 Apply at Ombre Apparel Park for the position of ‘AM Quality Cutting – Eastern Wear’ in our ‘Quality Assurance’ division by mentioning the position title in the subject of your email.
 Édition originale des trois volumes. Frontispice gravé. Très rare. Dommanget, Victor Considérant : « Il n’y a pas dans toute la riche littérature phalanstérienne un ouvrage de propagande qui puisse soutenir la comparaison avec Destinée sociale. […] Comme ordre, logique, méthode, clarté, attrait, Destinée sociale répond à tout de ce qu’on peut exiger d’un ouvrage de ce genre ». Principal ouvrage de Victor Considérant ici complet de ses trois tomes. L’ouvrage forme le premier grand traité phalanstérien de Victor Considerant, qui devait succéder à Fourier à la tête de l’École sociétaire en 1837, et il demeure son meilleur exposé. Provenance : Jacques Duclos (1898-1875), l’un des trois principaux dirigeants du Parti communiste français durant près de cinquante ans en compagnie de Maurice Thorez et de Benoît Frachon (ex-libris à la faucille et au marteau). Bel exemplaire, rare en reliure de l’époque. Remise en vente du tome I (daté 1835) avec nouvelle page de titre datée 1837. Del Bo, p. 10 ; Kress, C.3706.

◇ ◇ ◇ ◇ ◇

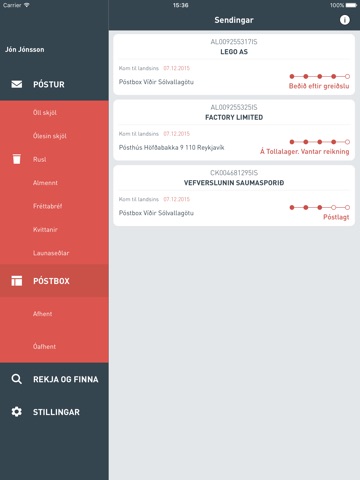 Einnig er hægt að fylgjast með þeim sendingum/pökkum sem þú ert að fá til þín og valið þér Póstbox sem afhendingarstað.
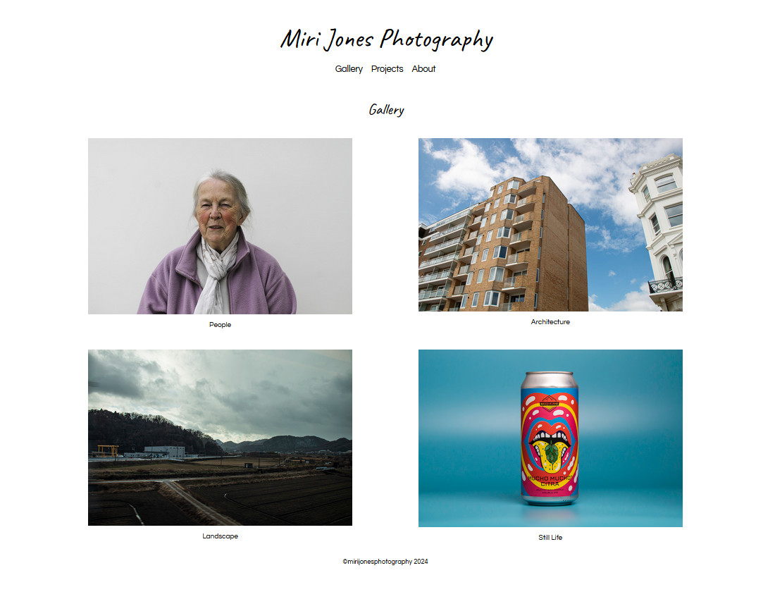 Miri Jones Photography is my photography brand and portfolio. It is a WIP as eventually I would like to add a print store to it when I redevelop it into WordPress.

◇ ◇ ◇ ◇ ◇

→ **Task item**: What to print is the stretch of entries from the line with "Einnig er hægt" up to and including the line with "Miri Jones Photography". Please print it exactly and leave out the pictures.

→ **Task answer**:
 Einnig er hægt að fylgjast með þeim sendingum/pökkum sem þú ert að fá til þín og valið þér Póstbox sem afhendingarstað.
 Miri Jones Photography is my photography brand and portfolio. It is a WIP as eventually I would like to add a print store to it when I redevelop it into WordPress.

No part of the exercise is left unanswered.